The material below is to be copied exactly from the line with "Nabízíme k pronájmu" up to and including the line with "A 19th century", with nothing else kept and no pictures.

PROVIDED RECORDS:
►
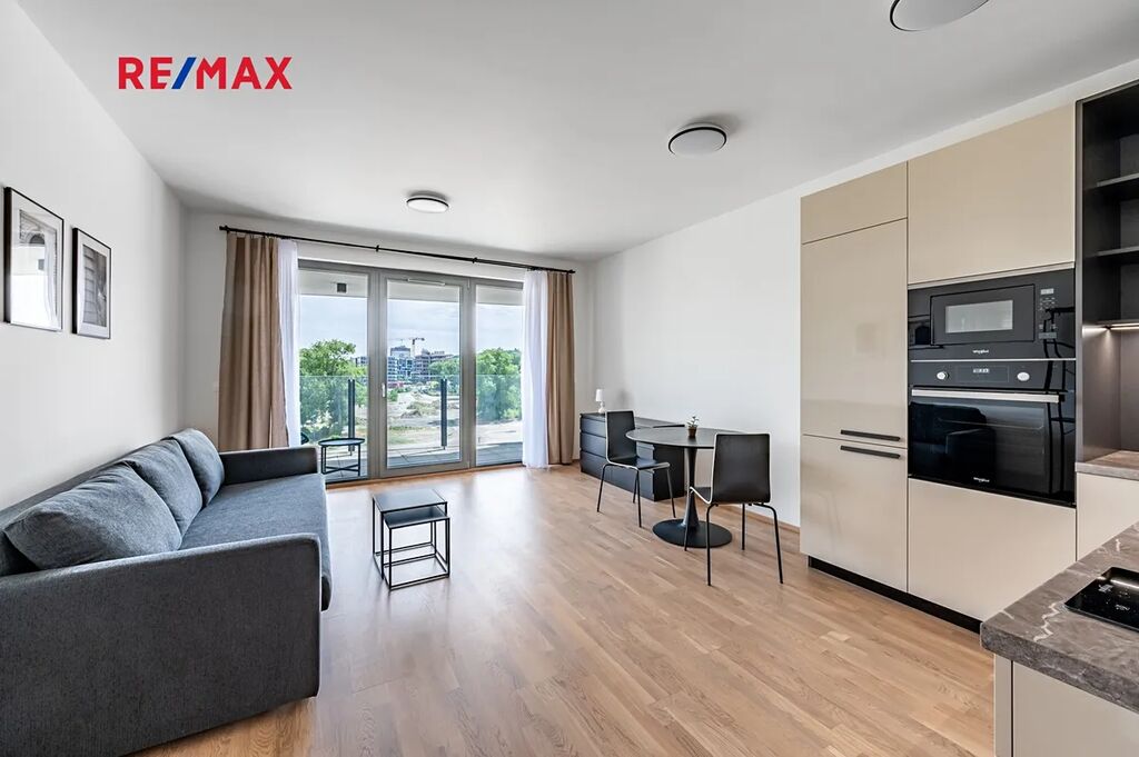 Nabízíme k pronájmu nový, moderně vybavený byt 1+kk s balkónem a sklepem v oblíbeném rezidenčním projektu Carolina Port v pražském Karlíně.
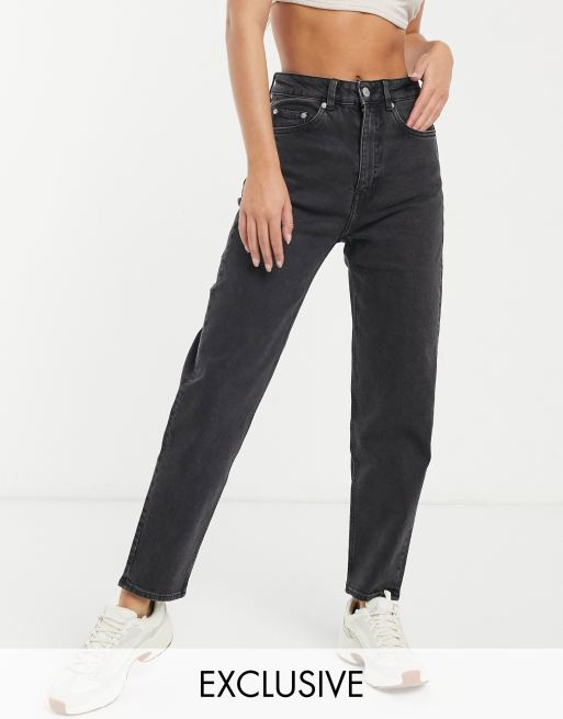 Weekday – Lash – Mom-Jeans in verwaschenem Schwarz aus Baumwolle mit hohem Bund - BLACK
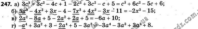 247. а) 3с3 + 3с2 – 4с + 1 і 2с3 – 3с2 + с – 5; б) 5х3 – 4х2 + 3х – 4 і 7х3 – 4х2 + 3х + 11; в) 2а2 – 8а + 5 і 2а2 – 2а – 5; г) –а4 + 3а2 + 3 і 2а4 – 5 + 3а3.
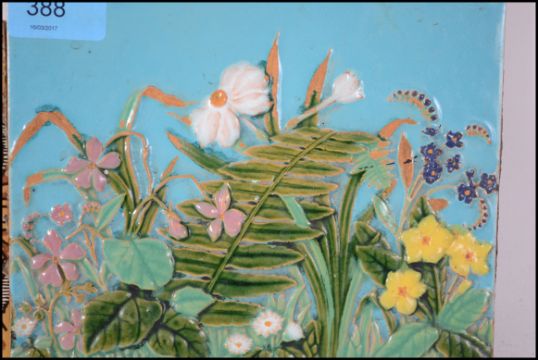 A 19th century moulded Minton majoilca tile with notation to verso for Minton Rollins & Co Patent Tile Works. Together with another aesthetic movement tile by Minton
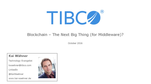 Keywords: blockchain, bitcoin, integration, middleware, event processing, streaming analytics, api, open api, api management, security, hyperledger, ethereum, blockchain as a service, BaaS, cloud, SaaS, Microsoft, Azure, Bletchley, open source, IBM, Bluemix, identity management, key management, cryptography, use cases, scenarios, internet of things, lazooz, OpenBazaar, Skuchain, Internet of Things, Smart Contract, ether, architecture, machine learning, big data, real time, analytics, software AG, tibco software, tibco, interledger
◄
►
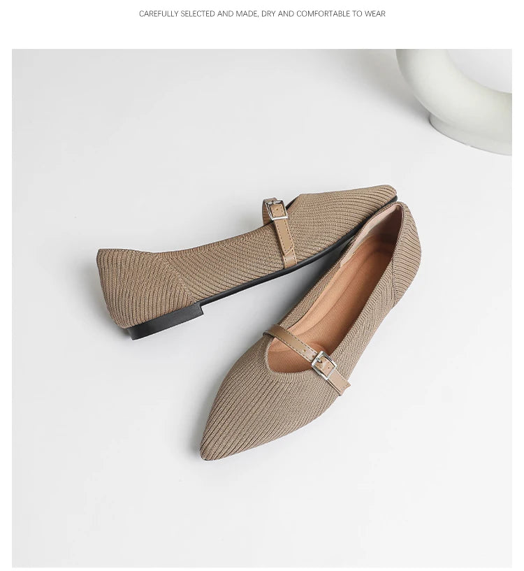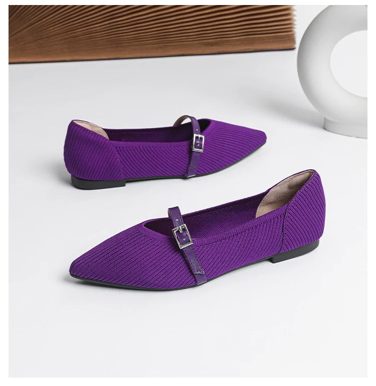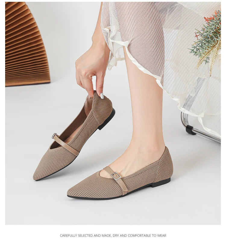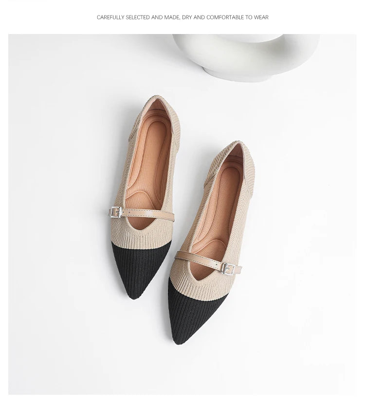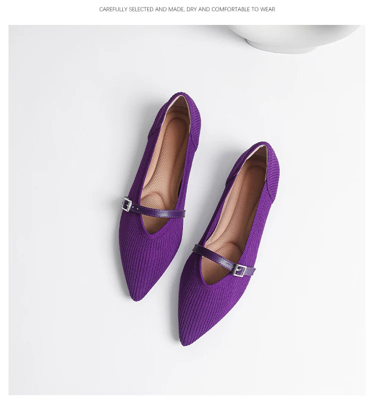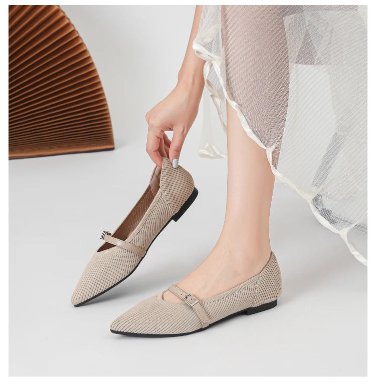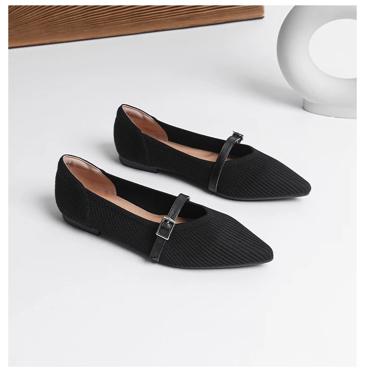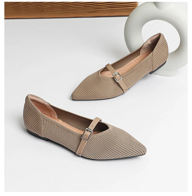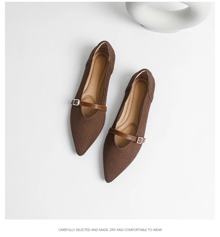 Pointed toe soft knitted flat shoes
◄
►
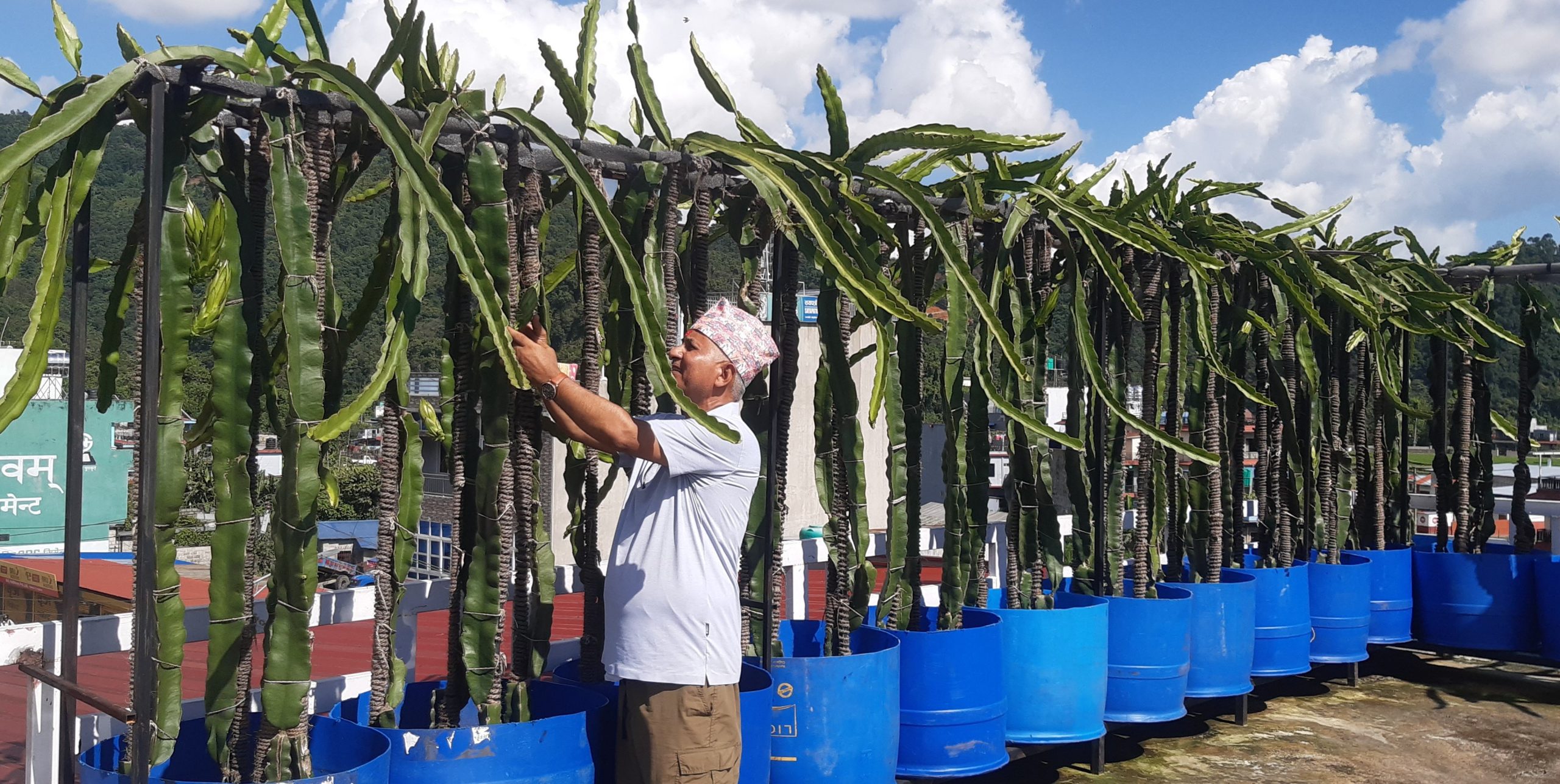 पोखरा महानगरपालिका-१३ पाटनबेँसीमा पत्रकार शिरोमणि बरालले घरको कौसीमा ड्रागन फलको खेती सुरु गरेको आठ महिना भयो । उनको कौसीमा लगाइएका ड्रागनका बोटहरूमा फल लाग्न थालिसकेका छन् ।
◄
SOLUTION TO THIS TASK:
 Nabízíme k pronájmu nový, moderně vybavený byt 1+kk s balkónem a sklepem v oblíbeném rezidenčním projektu Carolina Port v pražském Karlíně.
 Weekday – Lash – Mom-Jeans in verwaschenem Schwarz aus Baumwolle mit hohem Bund - BLACK
 247. а) 3с3 + 3с2 – 4с + 1 і 2с3 – 3с2 + с – 5; б) 5х3 – 4х2 + 3х – 4 і 7х3 – 4х2 + 3х + 11; в) 2а2 – 8а + 5 і 2а2 – 2а – 5; г) –а4 + 3а2 + 3 і 2а4 – 5 + 3а3.
 A 19th century moulded Minton majoilca tile with notation to verso for Minton Rollins & Co Patent Tile Works. Together with another aesthetic movement tile by Minton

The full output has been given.